Bewertungsformel zeigt Potenzial : 60 % Kurschance sind drin
BÖRSE ONLINE verwendet bei der Bewertung von Bankaktien eine Gegenüberstellung von Eigenkapitalrendite und Kurs-Buchwert-Verhältnis. Um dabei besonders konservativ zu sein, wird die Eigenkapitalrendite auf das gesamte Eigenkapital berechnet, die Kurs-Buchwert-Relationen jedoch nur auf das um Goodwill bereinigte niedrigere Eigenkapital. So fällt die Rendite niedriger aus, die Kurs-Buchwert-Relation ist hingegen höher. Die recht einfache Regel dabei heißt: Bei einem Kurs-Buchwert-Verhältnis von eins sollte die Bank eine zweistellige Eigenkapitalrendite erwirtschaften können.

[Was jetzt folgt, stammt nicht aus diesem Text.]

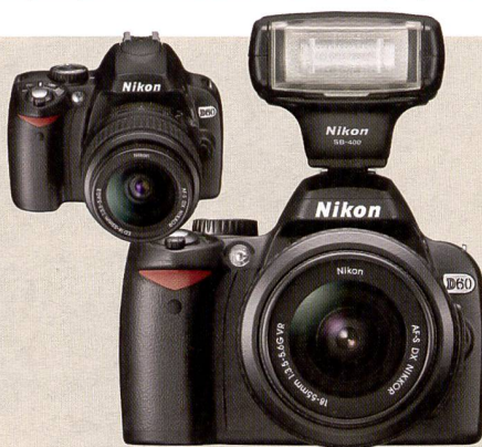
L'an passé le Nikon D40X, cette année le D60 convivial et facile à utiliser.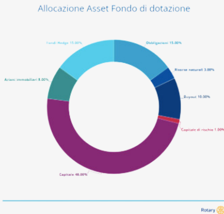
Figure 2.2: Prospetto allocazione degli asset del Fondo di dotazione (anno fiscale 2021)

Il portfolio è costituito per l'85% in attività che producono utili simili a titoli azionari, un prospetto più dettagliato è riportato nella Figure 2.2 . Negli ultimi cinque anni il Fondo di dotazione è cresciuto da 483 milioni a 523 milioni di dollari, producendo un utile medio annuo del 10,3%. Il tasso di rendimento è il totale degli utili di capitale sommato agli interessi e dividendi. Inoltre, in Figure 2.3 viene riportato l'andamento di mercato del Fondo di dotazione dal 1985, anno in cui è stato deciso dal CdA della RF di impiegare i contributi del fondo in modo da generare utili per aumentare la capacità di sostegno ai programmi della Fondazione.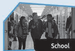
Annonce n° 10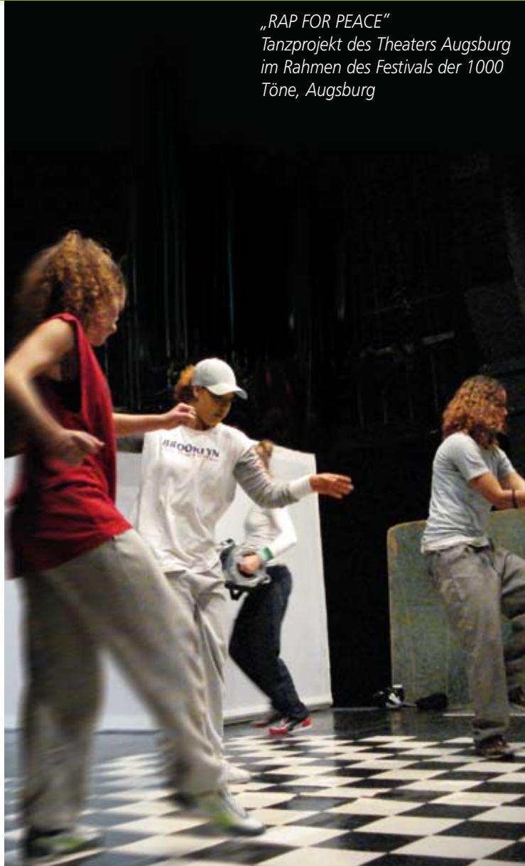
„RAP FOR PEACE“ Tanzprojekt des Theaters Augsburg im Rahmen des Festivals der 1000 Töne, Augsburg

aktuelle Perspektiven der Kulturpolitik und die Interkulturelle Öffnung des Kulturbetriebs in der heterogenen Stadt – Theoretische Ansätze und Beispiele von Best Practice

Gelingt das nicht, ist ein Abschlag fällig. Bei einer Eigenkapitalrendite von fünf Prozent wäre entsprechend eine Kurs-Buchwert-Relation von 0,5 angebracht.
Im Fall der Deutsche-Bank-Aktie ergeben sich gemessen an Bilanz und erwarteten Erträgen für das laufende Geschäftsjahr folgende Relationen: Das konservativ berechnete Kurs-Buchwert-Verhältnis liegt bei 0,36, die erwartete Eigenkapitalrendite nach Steuern bei 6,8 Prozent. Wird das nun nach dem Modell hochgerechnet, müsste die Aktie mit einem Kurs-Buchwert-Verhältnis von rund 0,6 bewertet werden, was dem Wert ein Potenzial von deutlich mehr als 60 Prozent geben würde. Zu einer ähnlichen Auffassung kommen im Übrigen auch die Analysten von Kepler Cheuvreux. Sie trauen der Aktie sogar Kurse um 18,50 Euro zu, 87 Prozent über dem aktuellen Niveau.